Deutschlands größter Nichtraucherverband Pro Rauchfrei e.V. fragt sich, wer oder was Sie veranlasst haben mag, eine Einladung an alle spielenden Raucher explizit in Gesetzesform zu gießen. Das war in keiner Weise notwendig, sondern unterläuft die Bemühungen einer Vielzahl von Staaten und ist ein Affront gegenüber der Weltgesundheitsbehörde (WHO) zur Eindämmung des Tabakkonsums, angesichts von sechs Millionen Tabaktoten weltweit pro Jahr.
 
Besonders verwerflich empfinden wir es, dass Sie sich quasi als "Stimmvieh" für die Lobbyinteressen haben einspannen lassen, denn mit einer persönlichen, dem Gewissen geschuldeten Entscheidung hat das nichts zu tun, wenn eine ganze Fraktion geschlossen ein solches Gesetz beschließt.
 
Deshalb protestiert Pro Rauchfrei scharf gegen dieses neue, unnötige, die Gesundheit der Bürger schädigende Gesetz und sichert allen Spielbank-Angestellten, die in verqualmten Räumen arbeiten müssen, seine breite Unterstützung zu, wenn sie gegen den sie schädigenden Arbeitgeber vorgehen wollen.
 
Dieser Protest geht zur Information auch den Abgeordneten von Bündnis 90/Die Grünen und Piraten zu, die gegen das Gesetz gestimmt haben. Diesen Abgeordneten gilt unser Respekt. Auch die Mitglieder der Fraktion der Linken erhalten dieses Schreiben zur Kenntnis, wenngleich wir über deren Enthaltung zu diesem "Verschlechterungsgesetz" enttäuscht sind, denn Enthaltung ist immer auch Zustimmung (politisch: Durchwinken).

Mit freundlichen Grüßen
Dipl.-Kfm. Siegfried Ermer
Vorstandsvorsitzender
Pro Rauchfrei e.V.
 

Pro Rauchfrei protestiert gegen Erklärung zum Nichtraucherschutz des AfD-Stadtverbands Düsseldorf

An den Vorstand des

Stadtverbands Düsseldorf der

Alternative für Deutschland

Ihre Erklärung zum Nichtraucherschutz in NRW, zitiert in einem Beitrag im Düsseldorf-Blog vom 10.07.2013

Der Nichtraucherschutzverband Pro Rauchfrei e.V. protestiert gegen die irreführende und sachlich unrichtige Darstellung zum Thema Nichtraucherschutzgesetze in Nordrhein-Westfalen durch den AfD-Stadtverband Düsseldorf.

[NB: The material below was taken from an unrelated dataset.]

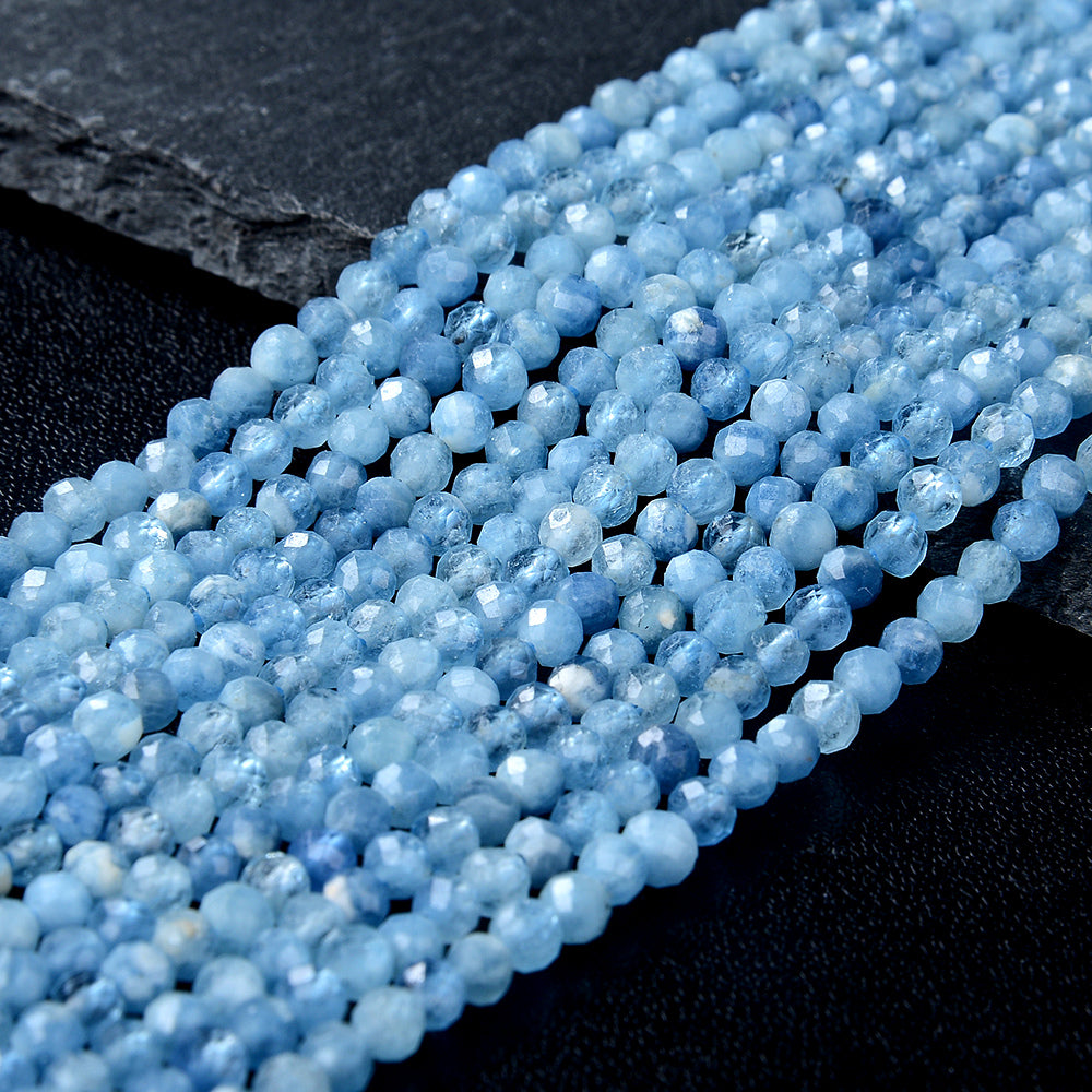 Natural Aquamarine Gemstone AAA Micro Faceted Round 3MM 4MM Loose Beads (P27 P46)

Sehr geehrte Vorstandsmitglieder des Stadtverbandes der AfD Düsseldorf,

Dass Sie den Grundgedanken des Nichtraucherschutzes befürworten, wie es zu Anfang Ihrer Erklärung heißt, muss bezweifelt werden.  

Unerhört, ja geradezu verhetzend ist es, das Nichtraucherschutzgesetz (NiSchG) in Nordrhein-Westfalen als „radikale Nichtraucherschutz-Regelung“ zu bezeichnen. Es ist hier die Rede von einem mehrheitlich verabschiedeten Gesetz und nicht von einem diktatorischen Zwangserlass, wie Ihre Erklärung dies nahelegt. Ihr Wunsch, die Dinge zu belassen „so wie bisher auch“ lässt darüber hinaus nicht gerade das Grundanliegen der Gesamtpartei, eine Alternative für Deutschland zu sein, durchschimmern. Den von Ihnen geplanten Antrag auf dem nächsten AfD-Landesparteitag zur Durchsetzung Ihrer Position in der Gesamtpartei sollten Sie hinsichtlich seiner inhaltlichen Mängel und Irrtümer gründlich überdenken.

Im Einzelnen beruhen folgende Ihrer Schlussfolgerungen auf unzureichenden Informationen oder auf Irrtümern:

1. „Die im Hinblick auf die gesetzliche Regelung aus dem Jahr 2008 von Gastronomen durchgeführten Investitionen in Nichtraucherbereiche o. ä. sind damit nutzlos geworden“. Das ist mitnichten so: Gastbetriebe, in denen es schon vor dem 1. Mai 2013 Nichtraucherbereiche gab, haben sogar einen Wettbewerbsvorteil, da diese Bereiche höchstwahrscheinlich vorher entsprechend gereinigt und renoviert wurden und daher unappetitliche Tabakablagerungen an Wänden und Mobiliar beseitigt wurden. Somit ist eine derartige Gaststätte auch für nichtrauchende Gäste attraktiv.